Percikan Iman – Serangan Rusia ke Ukraina memicu reaksi dari berbagai negara di dunia. Negara-negara Barat yang notabene pendukung NATO, berlomba “keras-kerasan” mengutuk tindakan Putin. Meyikapi fenomena tersebut, politisi Irlandia People Before Profit/ Solidarity, Richard Boyd Barrett.
Ia menyatakan dalam forum legislatif, jika pemerintahan negaranya dan negara-negara Barat lainnya tidak konsisten dalam menerapkan standar moral. Hal itu lantaran, kecepatan reaksi, pemilihan diksi, dan hukuman yang diberikan negaranya pada Putin begitu cepat, tajam, dan keras.
“Kita semua memang sudah sepatutnya mengutuk kejahatan terhadap kemanusiaan yang dilakukan oleh Vladimir Putin di Ukraina,” seru Barett pada perdana Menteri. “Pemerintah bergerak seketika dalam waktu lima hari, memberikan sanksi kepada rezim Putin, dan segera bertindak dengan diksi yang kuat pada Putin, ‘orang barbar sebagai penjahat, sebagai pembunuh, dan sebagai penghasut perang’.”
Sementara, sikap pada Israel tidak begitu, bahkan cenderung enggan. Padahal, Israel jelas-jelas dikutuk oleh dua lembaga HAM yang paling dihormati di dunia, Amnesti Internasional dan Human Right Watch.
“Amnesti Internasional telah menyatakan bahwa israel adalah negara yang menjalankan sistem Apartheid dan juga melakukan kejahatan yang bertentangan dengan kemanusiaan dan mereka tengah mengajukan sanksi untuk memastikan bahwa sistem yang tidak manusiawi dan sistem yang tidak manusiawi dihapuskan,” serunya.
Ia mengatakan, jika sikap yang dilakukan pemerintah pada serangan Putin pada Ukraina sudah benar, namun semua hal itu juga selayaknya diterapkan pada negara Israel karena perlakuannya pada orang-orang Palestina.
“(Nampaknya) Pemerintah khawatir kala menggunakan istilah yang sama (pada Israel), merasa tidak pantas menggunakan istilah Apartheid,” katanya. “Padahal, organisasi hak asasi manusia yang paling dihormati di dunia, Amnesti Internasional dan Human Right Watch dalam waktu yang sangat singkat mengeluarkan laporan kejahatan tersebut.”
Ia menjelaskan jika Amnesti International dan Human Right Wathch menyatakan israel sejak berdirinya telah dibangun di atas sistem penindasan, dominasi, apartheid, dan rasisme dengan melakukan pembunuhan warga sipil tak berdosa, tak bersenjata secara terkoordinasi.
“Mereka melakukan penahanan sewenang-wenang dan pemenjaraan tanah, aneksasi, pengusiran, penolakan hak-hak dasar dasar untuk enam juta warga palestina.
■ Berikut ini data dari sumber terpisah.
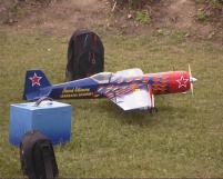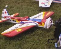 The report of the Aerobatics event cannot be closed without a mention of the model that stole the show as far as the crowd were concerned. Paul Walker (USA) brought along his semi scale B17 four engined model and, despite everyone having said it was impossible, flew it to near perfection achieving 9th place overall. When you consider that this was in competition against the worlds best with models that have evolved purely for aerobatics purposes this is quite an achievement. The model was not the easiest to fly and was "a bit quick" but the manoeuvres were spot on and the crowd roared there approval every time it flew. Several flyers were using the models produced by Yuriy Yatsenko who placed 8th for the Ukraine. These models come complete and ready to fly (all you need is some fuel) and cost in the region of £1,200 ready to go.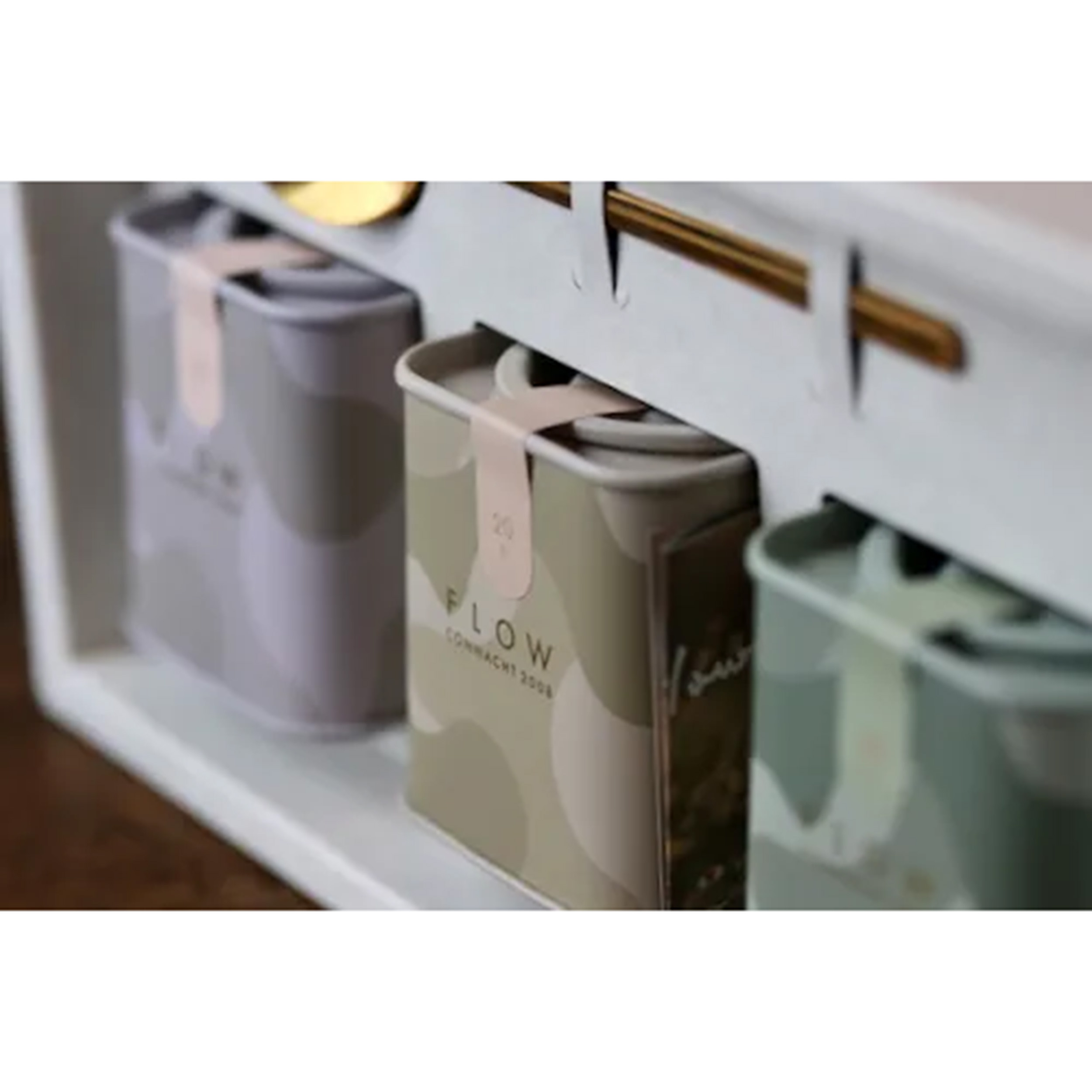 海外でもネオジャパニーズティーとして人気を集める「コノハト茶葉店」のお花のブレンドティー3種を1セットにしたギフトボックス。ローズやオンレジ、矢車菊などをブレンドしたフレーバー紅茶を小さな缶に詰めた「FLOW」シリーズです。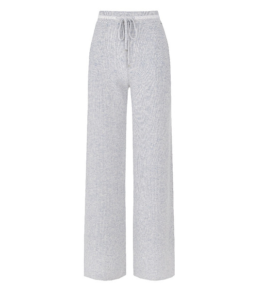 Bucură-te de lejeritatea și confortul luxos al acestor pantaloni largi, cu croială dreaptă, lejeră, tricotați dintr-un amestec somptuos de cașmir și lână merinos, care oferă o moliciune mătăsoasă și o căldură excepțională. Structura fin nervurată asigură un confort optim și un aspect elegant, în timp ce talia elastică cu șnur reglabil garantează o potrivire perfectă. Dungile contrastante jucăușe din talie adaugă o notă de varietate, iar fantele laterale sporesc confortul mișcărilor. Buzunarele laterale oferă un plus de confort. Creează un ansamblu remarcabil și atent asortând acești pantaloni cu pulovere asortate din aceeași serie, pentru un aspect uniform.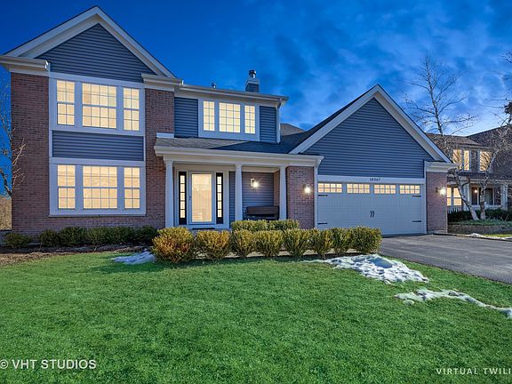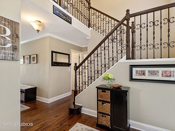 Absolutely beautiful 2-story colonial with 3-car tandem garage has everything you need to make your life comfortable. With over $100,000 in improvements and upgrades, this home is tailor-made for anyone looking for true quality, comfort and serenity. It has a desirable floor plan that is open & airy with lots of windows that provide plenty of natural light to shine through. Lovely hardwood floors flow throughout the main level and add an elegant touch. The kitchen opens to the family room and features gorgeous custom wood cabinetry with glass inserts and granite counters, marble tile backsplash, center island with extended countertop, stainless appliances, and relaxing views of the pond. The family room is accented by a wood burning/gas start fireplace and a large window that overlooks the yard and pond. The generous sized master bedroom has a large walk-in closet with organizers and leads to a fabulous luxury bath with vanity, granite counters, duo sinks, separate shower, impressive tile work and upgraded fixtures. 1st floor laundry room has tons of cabinets with granite counter and sink that are great for storage. Samsung front load washer and dryer is included. The full basement is finished perfectly and offers a huge rec room, office area, wet bar with Maple cabinets and granite countertop, crown molding, and recessed and pendant lighting. The back yard is a real retreat and a great place to relax after a long day of work. It has a huge 16'x35' maintenance-free deck with Sunsetter awning and a serene and peaceful view of the pond. Other improvements of this quality home include: New siding (2016), Newer furnace (2016), crown molding in all rooms, ceiling fans and black out shades in all bedrooms, updated baths, custom blinds and shades, sump pump replaced (2022) and so much more! If you are looking for an updated home that has charm, character and a floor plan that is perfect for entertaining family and friends, this is it!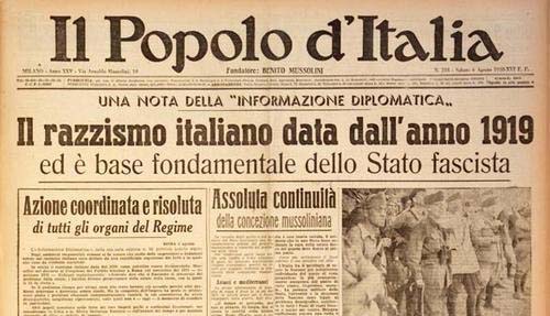 “Un gruppo di studiosi fascisti docenti nelle Università italiane sotto l’egida del Ministero della Cultura Popolare ha fissato nei seguenti termini quella che è la posizione del Fascismo nei confronti dei problemi della razza: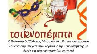 Ο Πολιτιστικός Σύλλογος Πάγου και τα μέλη του σας προσκαλούν να συμμετέχετε στον εορτασμό της Τσικνοπέμπτης με όρεξη και κέφι για τραγούδι και χορό! ...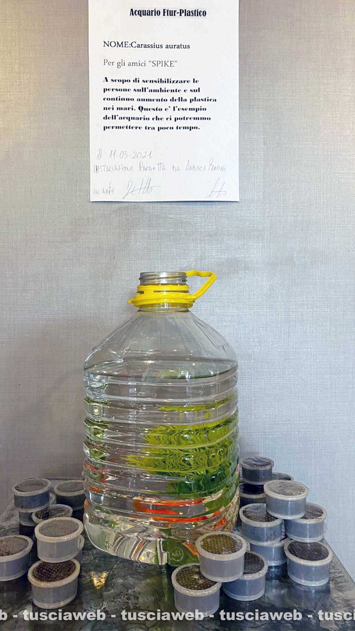 Con incursione-performance delle più garibaldine, nella speciale location di un ristorante del centro storico (il Tredici Gradi di Santa Maria Nuova), Andrea ha messo “Spike” a bagno per qualche ora in una tanichetta di plastica da cinque litri, circondandola con minacciose pile di cialde da caffè. Titolo della provocatoria operazione concettuale: “Acquario futur-plastico”. Il messaggio? Semplice e immediato.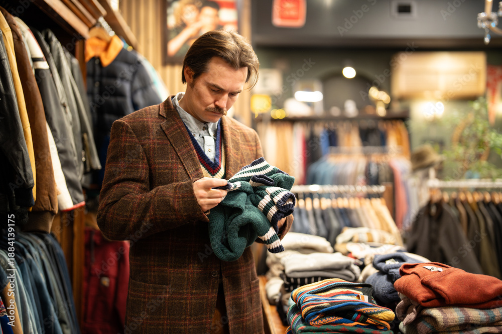 Mustachioed man in trendy wool blazer holding knitted jumper checking item condition and quality of yarn, chic male customer visiting second hand men's clothing boutique, vintage bargain hunting.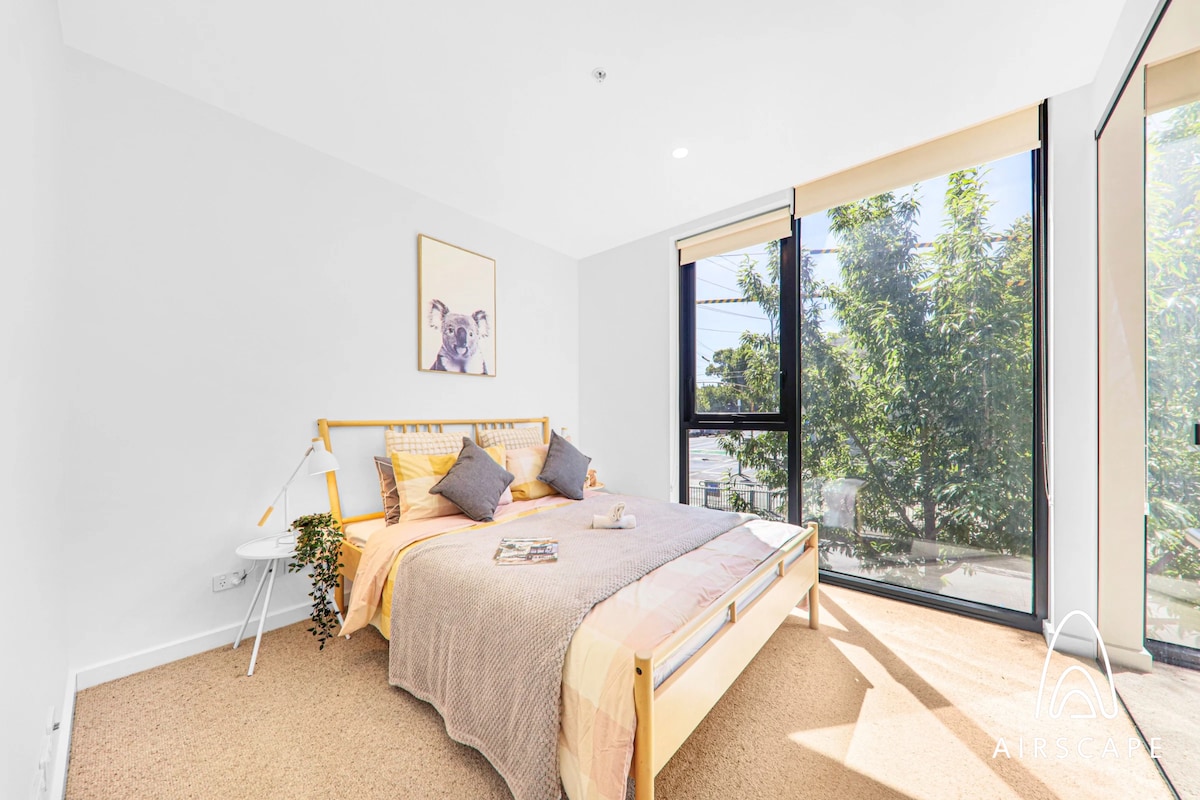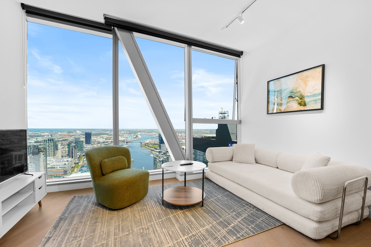 Un espacio tranquilo para llamar hogar mientras estás en Melbourne, tu propio apartamento de 2 dormitorios y 2 baños (64 metros cuadrados internos + balcón de 6 metros cuadrados). Diseñado pensando en un santuario simple, moderno y minimalista. Disfruta de las increíbles vistas del perfil urbano. Este es un espacio de ambiente familiar. Ubicado junto a la estación de Southern Cross y la terminal de autobuses Sky Bus. Situado en la zona de tranvía gratuito, todo lo que Melbourne tiene para ofrecer está a tu alcance, cerca de comida barata, restaurantes elegantes y cafeterías de moda.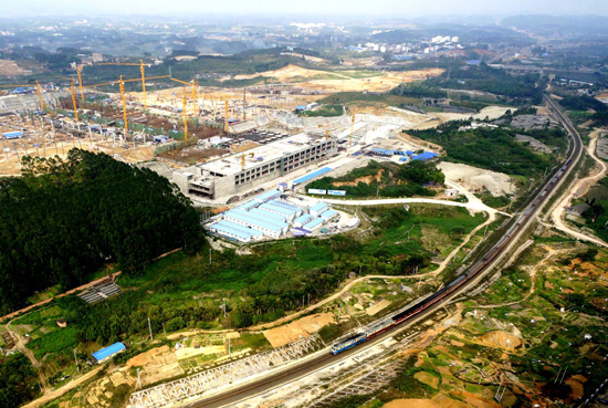 图为一列火车从正在建设的南宁东站旁经过(3月1日摄)。新华社记者周华摄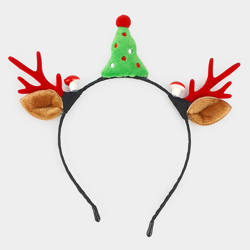 Celebrate the holidays with this festive Christmas reindeer antler headband topped with a playful tree accent. A fun party accessory for kids and adults, perfect for Christmas gatherings, photos, and spreading holiday cheer all season long.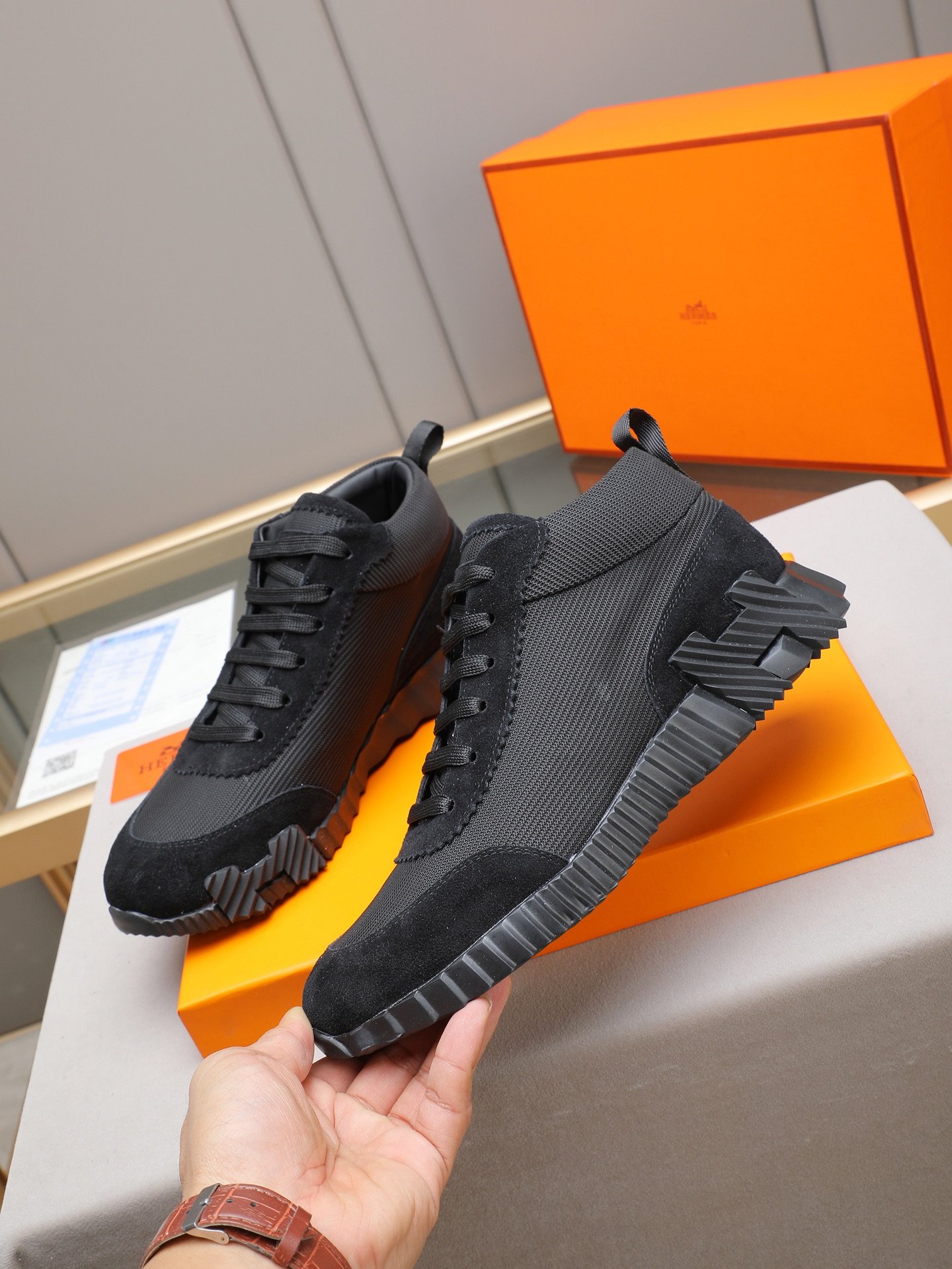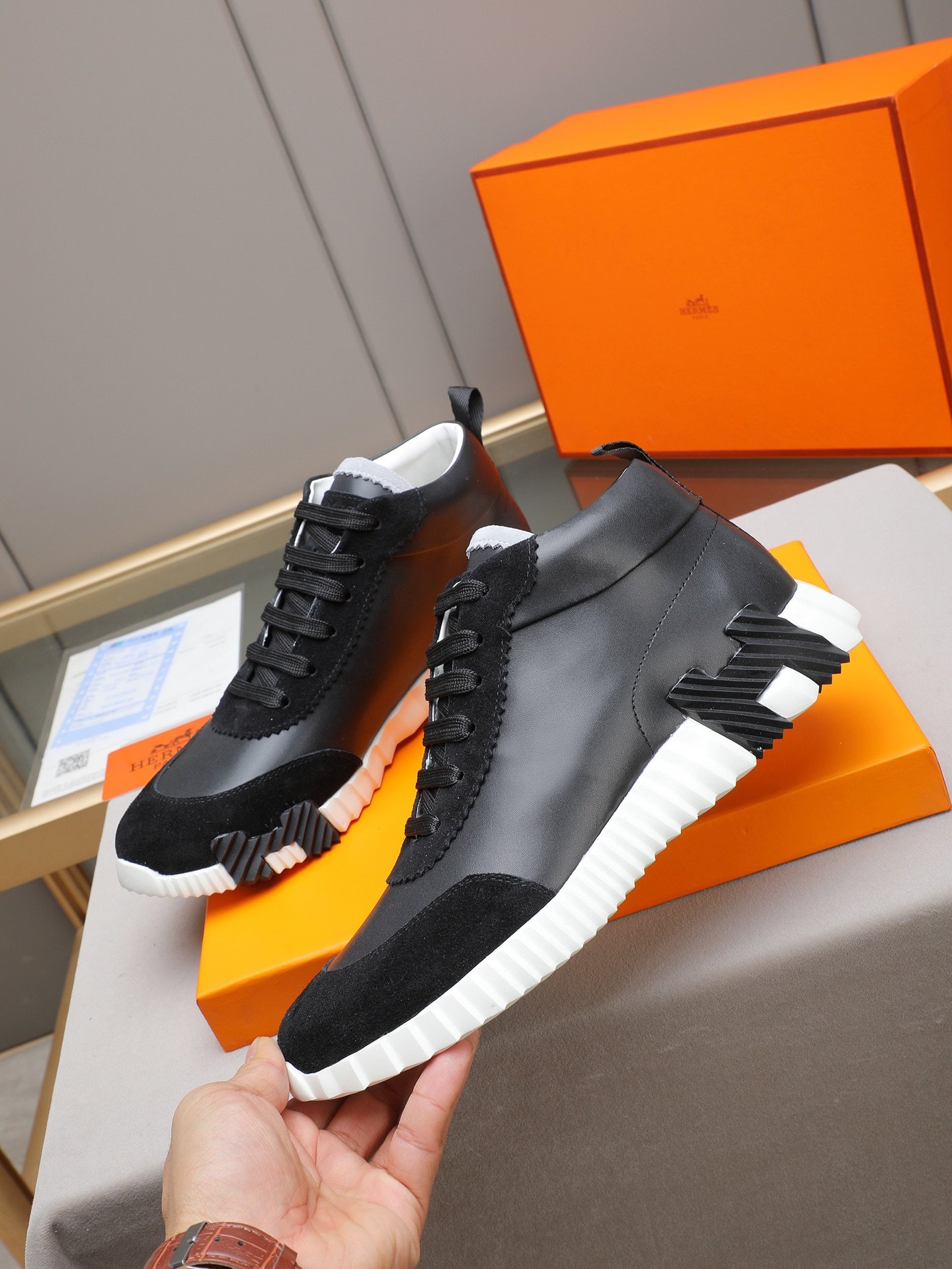 Les avantages : La Chaussure Bouncing Hermès vous offre un confort remarquable grâce à sa conception ergonomique, tout en soulignant votre style avec une esthétique raffinée. Parfaite pour un usage quotidien, elle garantit un maintien optimal et une légèreté exceptionnelle, vous permettant de rester élégant sans compromis sur le confort.

Mereka mengungsi keluar negerinya untuk kembali, dan mereka mem-blokade Gaza secara illegal,” terangnya.
Sebagaimana kita dapat temui di berbagai sumber informasi. Gaza dalam keadaan krisis kemanusiaan permanen. Di mana mereka dilarang mengakses makanan dan air. Mereka (Israel) memperlakukan populasi Arab yang merupakan mayoritas masyarakat Palestina sebagai ras inferior.
Barett mengatakan, jika pemerintah ingin memiliki standar moral, standar tersebut harus konsisten. Jika tidak, maka itu sama sekali bukan standar, melainkan hanya olok-olok. Menurutnya, pemerintah takut “menyakiti” negara-negara pembela demokrasi.
“Itu karena ketika menyebut Israel sebagai negara apartheid, maka akan menyakiti sejumlah negara yang sekarang menampilkan diri sebagai pembela demokrasi, seperti Amerika Serikat, Inggris, Jerman, dan kekuatan lain yang berhubungan dengan Israel, yang mendukung dan menyokonnya,” katanya
“Itu berarti kredensial moral Uni Eropa telah hancur,” pungkasnya.